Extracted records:
<<<<
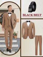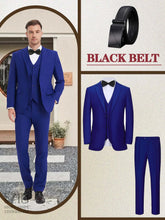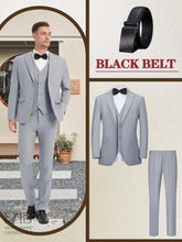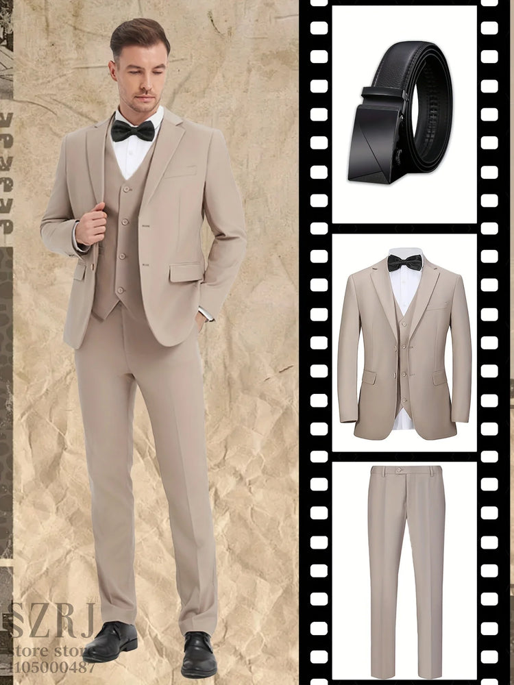 4pcs Men's Formal Suit Set: Tuxedo, Vest, Pants, Belt with .Classic Elegant Attire for Business, Party, Banquet, Job Interview
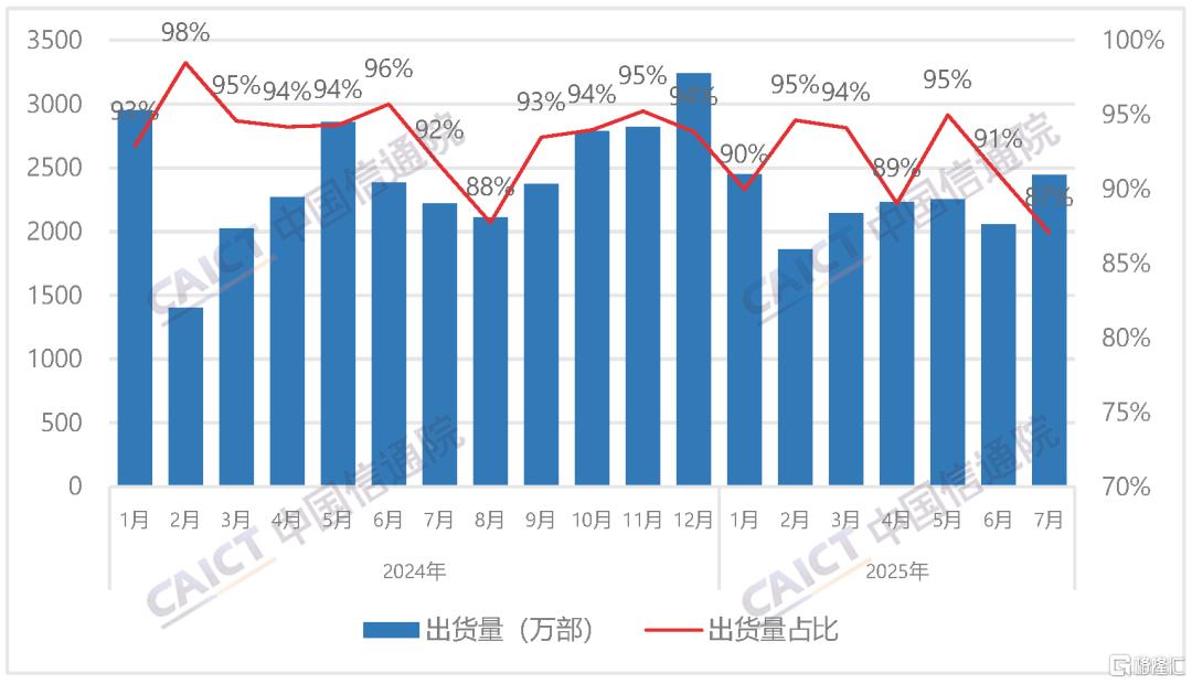 2025年7月,智能手机出货量2445.4万部,同比增长10.3%,占同期手机出货量的87.0%;智能手机上市新机型28款,同比增长55.6%,占同期手机上市新机型数量的58.3%。
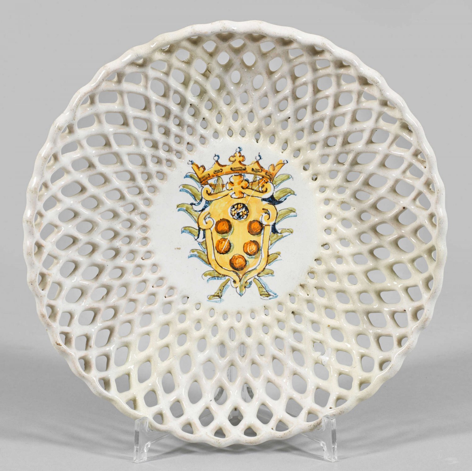 Majolika-Durchbruchschale mit Medici-Wappen Gemuldete Schale auf ausgestelltem Standring, im flachen Spiegel das Wappen der Medici in polychromer Scharffeuermalerei. Rest.; D. 28,8 cm.
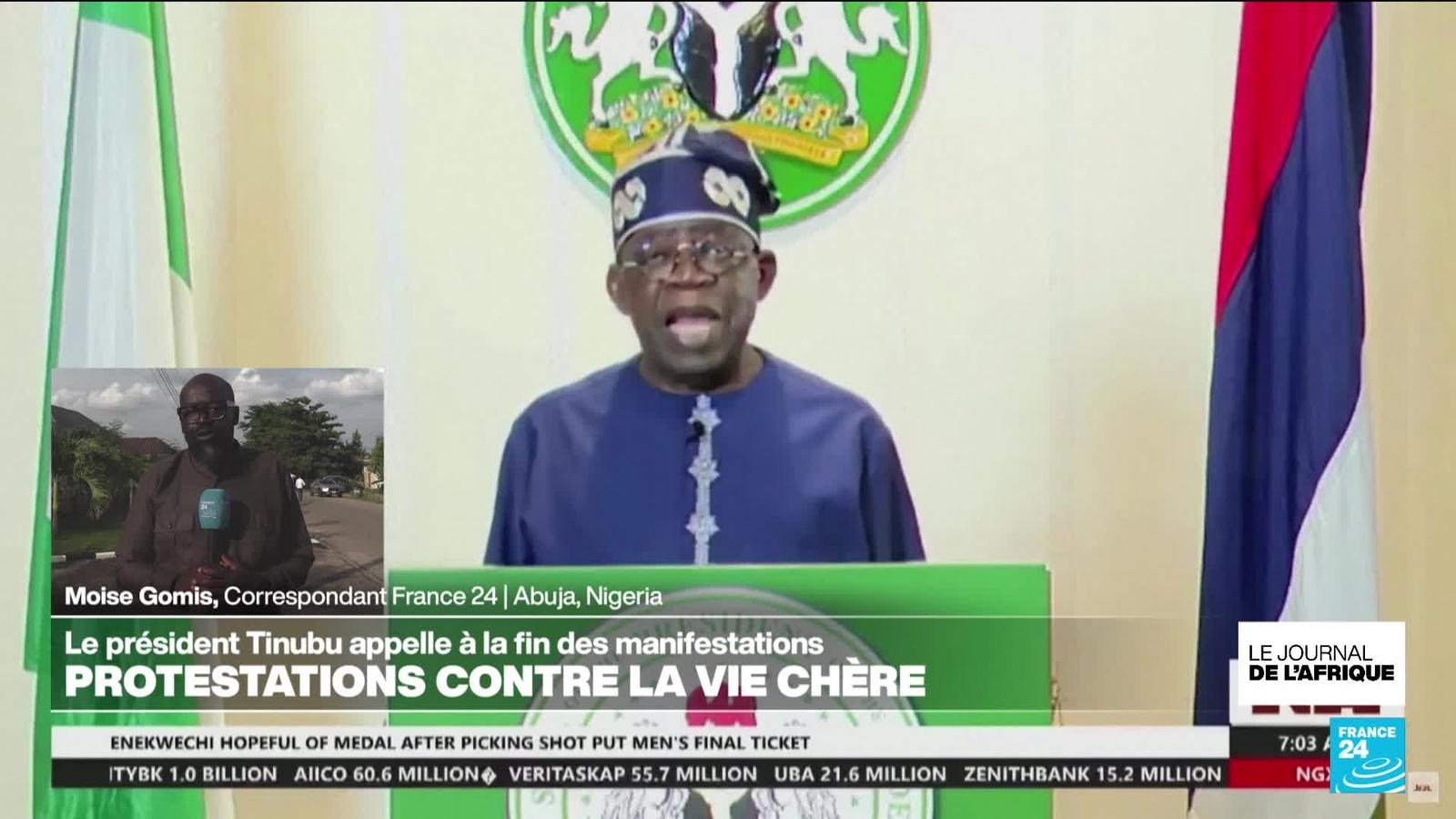 Le président nigérian Bola Ahmed Tinubu a appelé dimanche à la fin des manifestations contre la vie chère dans le pays le plus peuplé d'Afrique et à mettre un terme aux "effusions de sang", après qu'au moins 13 manifestants ont été tués par les forces de l'ordre selon Amnesty International. Les précisions de Moise Gomis, correspondant de France 24 dans la région.
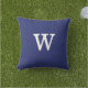 The front of this pillow is navy blue with a monogram initial in white for you to personalise. The back of the pillow has nautical coloured navy blue and white stripes.
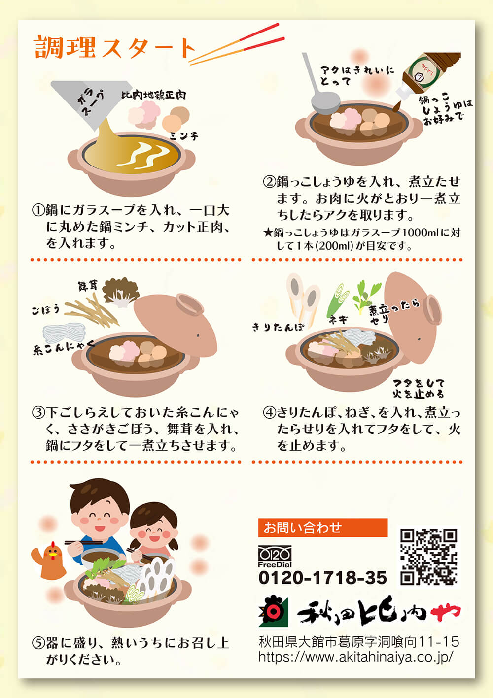 【鍋っこしょうゆ】しょうゆ(秋田県製造)、みりん、鶏がらスープ、食塩、清酒、こんぶエキス、小麦発酵調味料、酵母エキス、(一部に小麦・大豆・鶏肉を含む)
>>>>
Copy exactly, and copy nothing else: the lines from the start of the data above through the line that holds "Majolika-Durchbruchschale mit Medici-Wappen". The pictures stay out.

 4pcs Men's Formal Suit Set: Tuxedo, Vest, Pants, Belt with .Classic Elegant Attire for Business, Party, Banquet, Job Interview
 2025年7月,智能手机出货量2445.4万部,同比增长10.3%,占同期手机出货量的87.0%;智能手机上市新机型28款,同比增长55.6%,占同期手机上市新机型数量的58.3%。
 Majolika-Durchbruchschale mit Medici-Wappen Gemuldete Schale auf ausgestelltem Standring, im flachen Spiegel das Wappen der Medici in polychromer Scharffeuermalerei. Rest.; D. 28,8 cm.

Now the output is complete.